NBC NEWS by
There’s something curious happening in icy Greenland: a wildfire that has been burning for weeks.The wildfire appears to be historic in both its size and its duration, but no one can say for sure — because Greenland doesn’t have longstanding records of fires. Officials haven’t had much of a need for them, seeing as nearly 80 percent of the Arctic island is covered in an ice sheet.
“There are wildfires, but it’s not a typical wildfire environment, and it’s a remote area,” said Stef Lhermitte, a remote sensing scientist at Delft University of Technology in the Netherlands.
At about two square miles, this wildfire is relatively small compared to others around the world. But it’s the biggest in Greenland since satellite record-keeping began in 2000.

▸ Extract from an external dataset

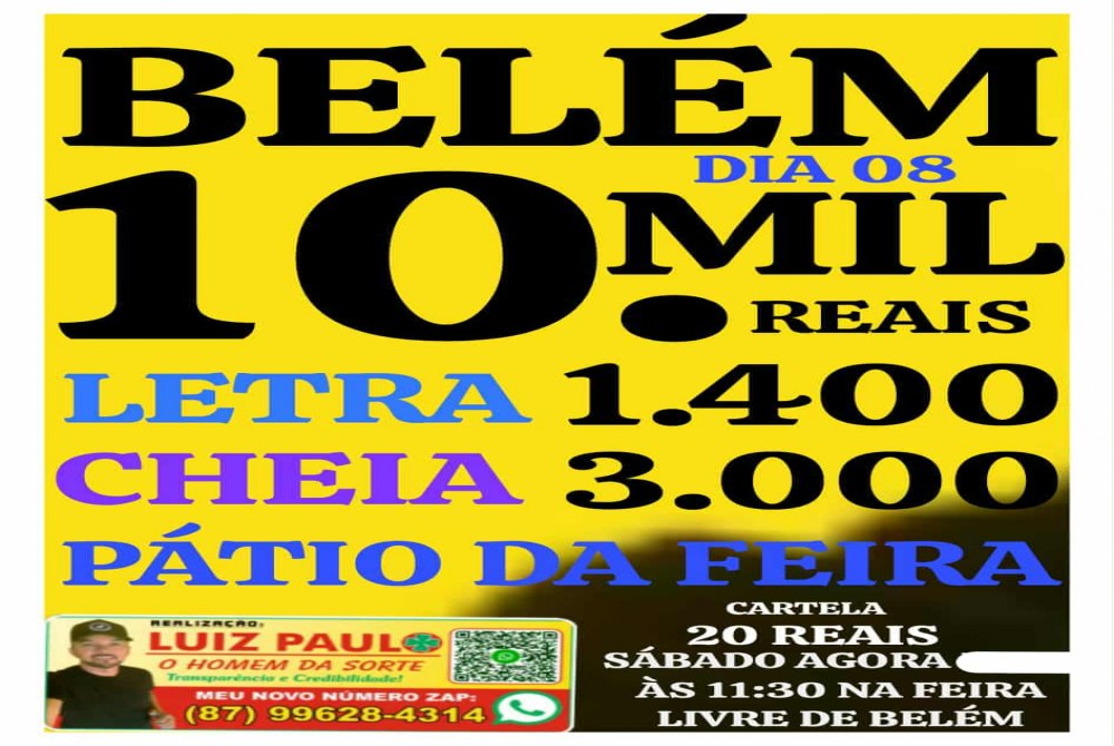 Alô, Belém do São Francisco sábado dia 08 tem bingo de10 mil no Patio da Feira.

This one was first spotted on satellite on July 31 in western Greenland, about 90 miles northeast of the city of Sisimiut — and it’s still burning.
Past wildfires in Greenland have only lasted one to three days, said Dr. Jessica McCarty, an assistant professor of geography at Miami University in Oxford, Ohio, and an expert in satellite data analysis. This one is about 40 miles west of the ice sheet.
“It’s concerning,” McCarty said. “This is not usual.”
News of the wildfire has intrigued scientists from around the globe, many of whom have been sharing statistics about Greenland on social media as researchers try to piece together Greenland’s history to determine whether this is unprecedented.
Lhermitte, the remote sensing scientist, found that this year has had the highest number of fire detections on record.